Press release from the issuing company

Stamford, Conn. – Pitney Bowes Inc. (“Pitney Bowes” or, the “Company”), a global technology company that provides commerce solutions in the areas of ecommerce, shipping, mailing, and financial services, today announced the pricing of its private offering (the “Offering”) of $400,000,000 aggregate principal amount of 6.875% senior unsecured notes due 2027 and $350,000,000 aggregate principal amount of 7.250% senior unsecured notes due 2029 (collectively, the “Notes”), to persons reasonably believed to be qualified institutional buyers in the United States pursuant to Rule 144A and outside the United States pursuant to Regulation S under the Securities Act of 1933, as amended (the “Securities Act”). The Offering is expected to close on or about March 19, 2021, subject to the satisfaction of various customary closing conditions.

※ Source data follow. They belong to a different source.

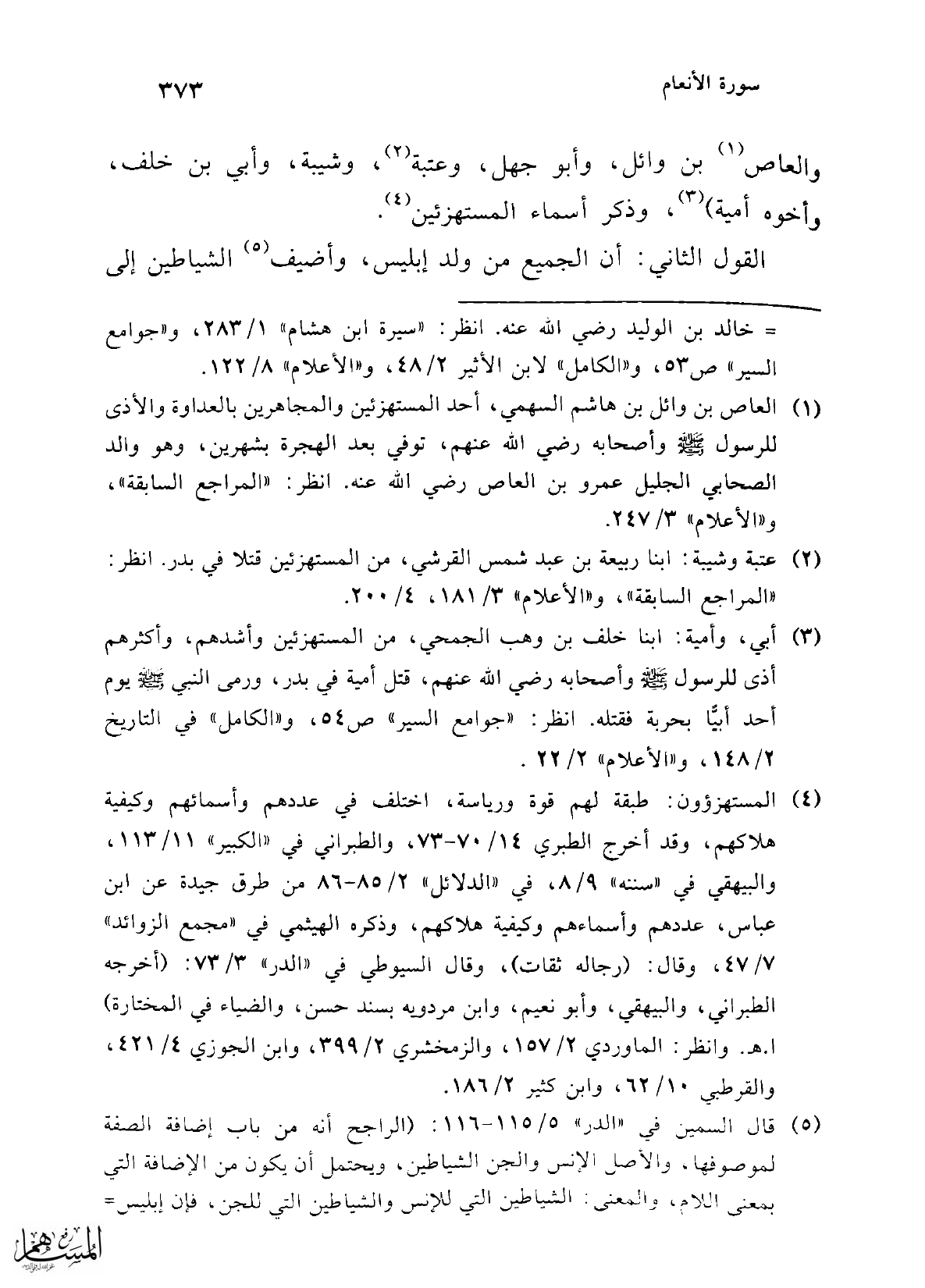 (¬4) المستهزؤون: طبقة لهم قوة ورياسة، اختلف في عددهم وأسمائهم وكيفية هلاكهم، وقد أخرج الطبري 14/ 70 - 73، والطبراني في "الكبير" 11/ 113، والبيهقي في "سننه" 9/ 8، في "الدلائل" 2/ 85 - 86 من طرق جيدة عن ابن عباس، عددهم وأسماءهم وكيفية هلاكهم، وذكره الهيثمي في "مجمع الزوائد" 7/ 47، وقال: (رجاله ثقات)، وقال السيوطي في "الدر" 3/ 73: (أخرجه الطبراني، والبيهقي، وأبو نعيم، وابن مردويه بسند حسن، والضياء في المختارة) ا. هـ وانظر: الماوردي 2/ 157، والزمخشري 2/ 399، وابن الجوزي 4/ 421، والقرطبي 10/ 62، وابن كثير 2/ 186.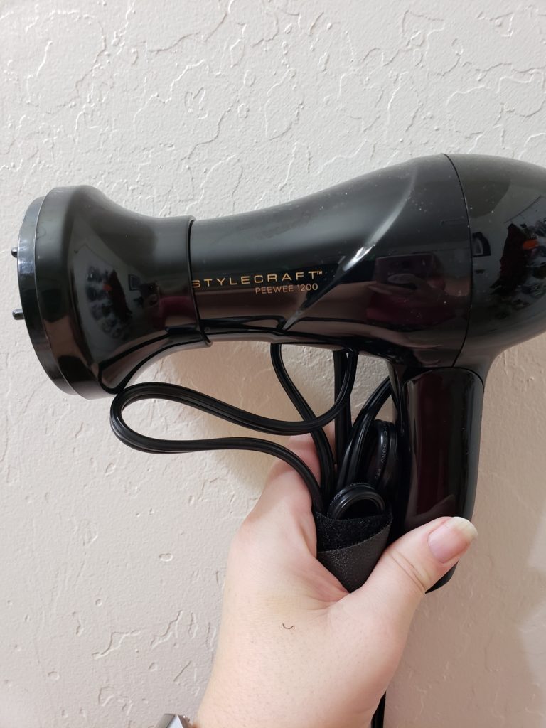 First thing I tries with the PeeWee 1200 Foldable Handle Dryer is I washed my hair and got to drying. The first time I used it I used no other products and no heat protector. I wanted to see how the dryer did on its own. I loved that even though this is portable it also came with attachments for diffusing my hair. Most little portable ones do not come with these. It also came with a travel bag which you all know I love a travel bag.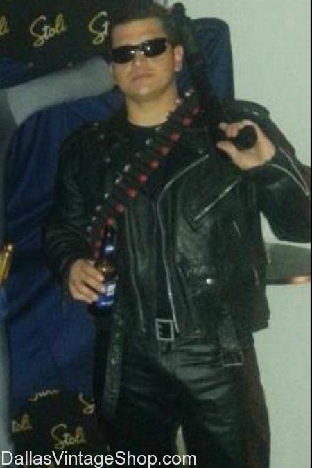 Terminator is one popular classic men’s costume! This Leather, head to toe outfit is perfect for Sci Fi, Cosplay, DC Comics, Super Villain turned Hero, Comic Con, A-Kon, Fen Con, Fan Expo, Time Travelers, Futuristic, Dystopian, Celebrity or Movie Character Costume Theme Party Ideas. It’s a Manly Man’s Choice Costume and Dallas Vintage Shop has tons of Leather Biker Jackets & Leather Jeans as well as all the other Assault Weapons & Gear you could possibly need.

The Notes will be fully and unconditionally guaranteed by certain of Pitney Bowes subsidiaries. Pitney Bowes intends to use the net proceeds of the Offering, together with cash on hand, to (i) repay a portion of the borrowings outstanding under the Pitney Bowes secured term loan B facility (together with the repayment using the New Term Loan B Facility described below, the “Term Loan B Repayment”), (ii) pay the tender offer consideration for up to $375,000,000 aggregate principal amount of its 3.875% Notes due 2022, 4.700% Notes due 2023, and 4.625% Notes due 2024 (collectively, the “Existing Notes”), subject to the applicable tender cap for each series of the Existing Notes, that are validly tendered (and not validly withdrawn) by holders of the Existing Notes and accepted by Pitney Bowes in connection with the cash tender offer that it commenced on March 8, 2021 (the “Concurrent Tender Offer”) and (iii) pay the fees and expenses in connection with the Offering and the Concurrent Tender Offer. Any excess proceeds after Pitney Bowes uses the proceeds as described above will be used for general corporate purposes. The Offering is not conditioned on the Term Loan B Repayment or the completion of the Concurrent Tender Offer. If the Term Loan B Repayment is not made or the Concurrent Tender Offer is not completed, Pitney Bowes intends to use the net proceeds from the Offering for general corporate purposes.

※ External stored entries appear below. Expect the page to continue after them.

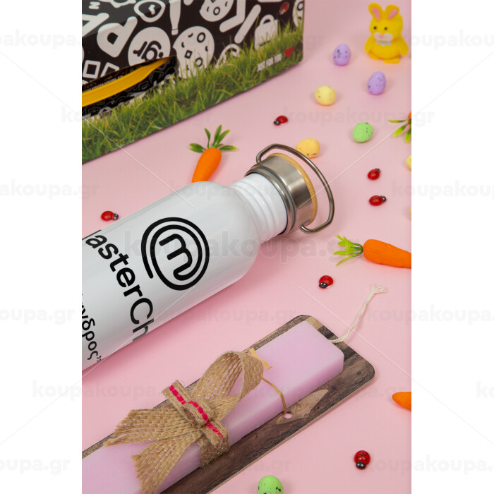 Master Chef, Πασχαλινή Λαμπάδα με παγούρι μεταλλικό (620ml, stainless steel) & κερί αρωματικό πλακέ (30cm) (ΡΟΖ)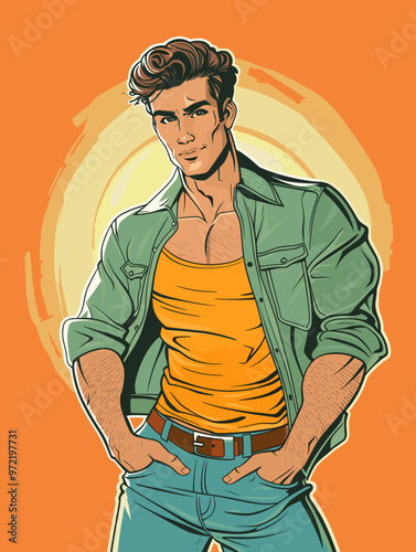 Vector illustration of pregnant woman and her husband. Loving happy couple in retro pop art comic style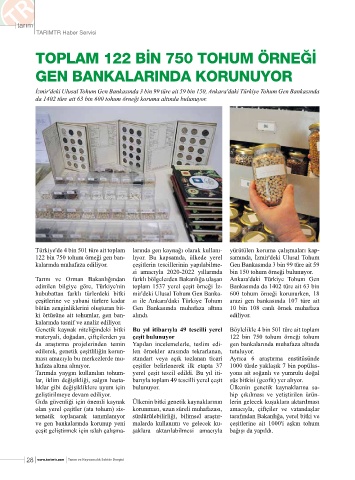 122 bin 750 tohum örneği gen ban- lıyor. Bu kapsamda, ülkede yerel samında, İzmir'deki Ulusal Tohum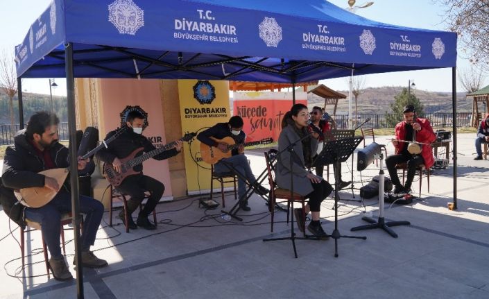 Diyarbakır Büyükşehir Belediyesi, korona virüs tedbirleri nedeniyle uygulanan sokağa çıkma kısıtlamasından dolayı hafta sonlarını evlerinde geçiren vatandaşlara moral vermek için düzenlediği ’Küçede Sanat Var’ etkinliğini Eğil ilçesinde vatandaşlarla buluşturdu.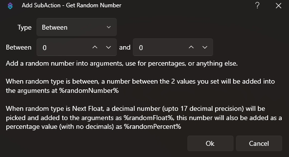 Примітка. Будь-який sub-action, який має текстове поле, може приймати аргументи, чи змінні.

Pitney Bowes has not registered, and will not register, the Notes under the Securities Act, any state securities laws or the securities laws of any other jurisdiction. The Notes will be subject to restrictions on transferability and may not be offered or sold in the United States absent registration or an applicable exemption from the registration requirements of the Securities Act and applicable state laws.

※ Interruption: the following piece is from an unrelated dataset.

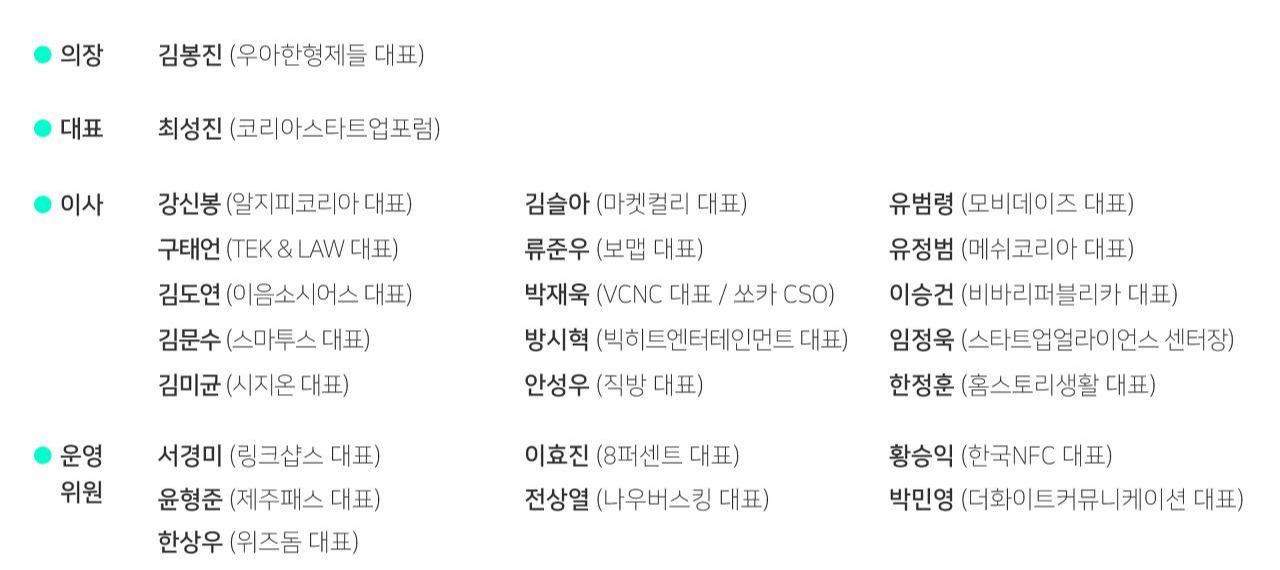 · 특별회원으로 6개의 기업(네이버, 카카오, 카카오모빌리티, 우리은행, KG이니시스, 나이스페이먼츠)이 스타트업 지원활동을 함께하고 있습니다.

This news release shall not constitute an offer to sell or a solicitation of an offer to purchase the Notes or any other securities, and shall not constitute an offer, solicitation or sale in any state or jurisdiction in which such an offer, solicitation or sale would be unlawful.

Pitney Bowes also announced today that it has obtained commitments from a requisite number of lenders party to its existing Credit Agreement, dated as of November 1, 2019 (the “Existing Credit Agreement), to amend the Existing Credit Agreement in order to extend the maturity of each of the tranche A term loan and revolving credit facilities thereunder, to five years from the amendment effective date, and make certain other changes to the Existing Credit Agreement. Pitney Bowes anticipates entering into the amendment to the Existing Credit Agreement on or about the settlement date for the Notes, subject to the satisfaction of various customary closing conditions.

Pitney Bowes also announced today that it has obtained lender commitments for a $450,000,000 secured term loan B facility (the “New Term Loan B Facility”), scheduled to mature seven years from the date that the parties enter into a refinancing agreement to the Existing Credit Agreement. Loans under the New Term Loan B Facility were priced at an interest rate of LIBOR plus 4.00% and are to be issued at a price of 99. Pitney Bowes intends to use the net proceeds of the New Term Loan B Facility as part of the Term Loan B Repayment. Pitney Bowes anticipates borrowing under the New Term Loan B Facility and entering into the refinancing agreement, in order to effectuate the borrowing, on or about the settlement date for the Notes, subject to the satisfaction of various customary closing conditions.